Cargo Insurance Calculator — Marine Freight Insurance Cost

Use our cargo insurance calculator to calculate cargo insurance premium for sea and air freight from China. Standard marine insurance covers CIF value + 10%.

Updated: 2026-04-13
Planning Reference
Benchmarks Last Reviewed April 2026
Reference Basis

Based on benchmark lane pricing, common port charges, and route assumptions rather than live carrier or forwarder quotes.

Planning Note

Freight moves quickly with seasonality, fuel, capacity, and route disruption. Treat these as planning benchmarks, not guaranteed quotes.

Primary opportunity

cargo insurance calculator
Medium SERP difficulty

Calculator
Commercial invoice value of your goods.
Typical cargo insurance rate: 0.3–0.6% of insured value. All-risk policy recommended.

Cargo insurance is the cheapest risk management tool available to importers — and the most commonly skipped. At 0.35–0.5% of the shipment value, the premium is far less than the deductible on any business insurance policy, yet it protects your entire inventory investment from origin factory to your warehouse door.

What Carrier Liability Actually Covers (Spoiler: Very Little)

Carriers are protected by international conventions that cap their liability far below actual cargo value:

Convention Applies To Liability Limit per Package
COGSA (US sea freight) US imports by sea $500 per package
Hague-Visby Rules (UK/EU) Most sea freight SDR 666.67 per package
Montreal Convention International air SDR 22/kg actual weight
Road: CMR Convention Truck transport SDR 8.33/kg gross weight

Real example: A $30,000 electronics shipment in 20 cartons. COGSA liability cap: 20 × $500 = $10,000. If the ship sinks, you recover $10,000 on a $30,000 loss — and that's before the carrier's lawyers argue "improper packing" to reduce it further.

Insurance Cost by Commodity and Coverage Level

Commodity Type ICC (C) ICC (B) ICC (A)
General manufactured goods 0.20–0.30% 0.25–0.40% 0.35–0.55%
Electronics and tech goods 0.30–0.50% 0.40–0.65% 0.50–0.80%
Furniture and wood goods 0.20–0.35% 0.25–0.45% 0.35–0.60%
Glass, ceramics, fragile 0.50–0.80% 0.65–1.00% 0.80–1.30%
Textiles and clothing 0.20–0.35% 0.25–0.40% 0.30–0.50%
Machinery and equipment 0.25–0.40% 0.30–0.50% 0.40–0.65%
Food and perishables 0.60–1.00% 0.80–1.30% 1.00–1.80%

Worked Example: $25,000 Shipment of Electronics

CIF value: $25,000
Coverage: ICC(A) at 0.60% of CIF + 10% uplift

Insured value = $25,000 × 1.10 = $27,500
Premium = $27,500 × 0.60% = $165

For $165, you protect $27,500 of electronics against:

  • Total loss (shipment sunk, stolen, burned)
  • Partial loss (water damage, container damage)
  • General average (ship incident where all cargo owners share costs)
  • Theft during transit

General average alone can cost thousands even if your cargo is undamaged — if the ship has a casualty, all cargo owners contribute proportionally.

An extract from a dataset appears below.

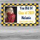 Use this Navy Gold Chequerboard Photo Graduation Banner to celebrate your graduate. Personalise with your grad's name, photo, class year and school. This school spirit banner features navy and gold school colours in a classic chequerboard pattern.

Without insurance, you pay this out of pocket and your cargo is held until payment.

Open Cargo Policy vs Per-Shipment Insurance

Per-Shipment Coverage Open Cargo Policy
Cost Higher per shipment Lower (volume discount)
Flexibility Cover only when needed Automatic, all shipments
Administration Arrange each shipment Declare shipments periodically
Suitable for <6 shipments/year 6+ shipments/year
Typical threshold Any volume $500,000+/year insured value

For importers doing 10+ shipments per year, an open cargo policy with a specialist marine insurer saves 20–40% vs per-shipment cover.

Tips for China Importers

  1. Get 3 freight forwarder quotes for every shipment. Rates for the same lane can vary 20–35% between forwarders. Never book with the first quote you receive.
  2. Know your LCL vs FCL crossover point. For most lanes, FCL 20ft becomes cheaper than LCL around 15 CBM. At 20+ CBM, FCL almost always wins on cost and transit time.
  3. Book 4–6 weeks ahead during peak season (July–October). Spot rates spike 30–50% during peak season. Pre-booking or securing a contract rate with your forwarder saves significantly.
  4. Negotiate free days at the destination port. Standard is 5 free days before demurrage kicks in. Push for 7 days — most forwarders will accommodate regular shippers.
  5. Always insure your cargo. Marine cargo insurance costs 0.3–0.5% of CIF value. One damaged container without insurance can wipe out months of profit. Never skip it.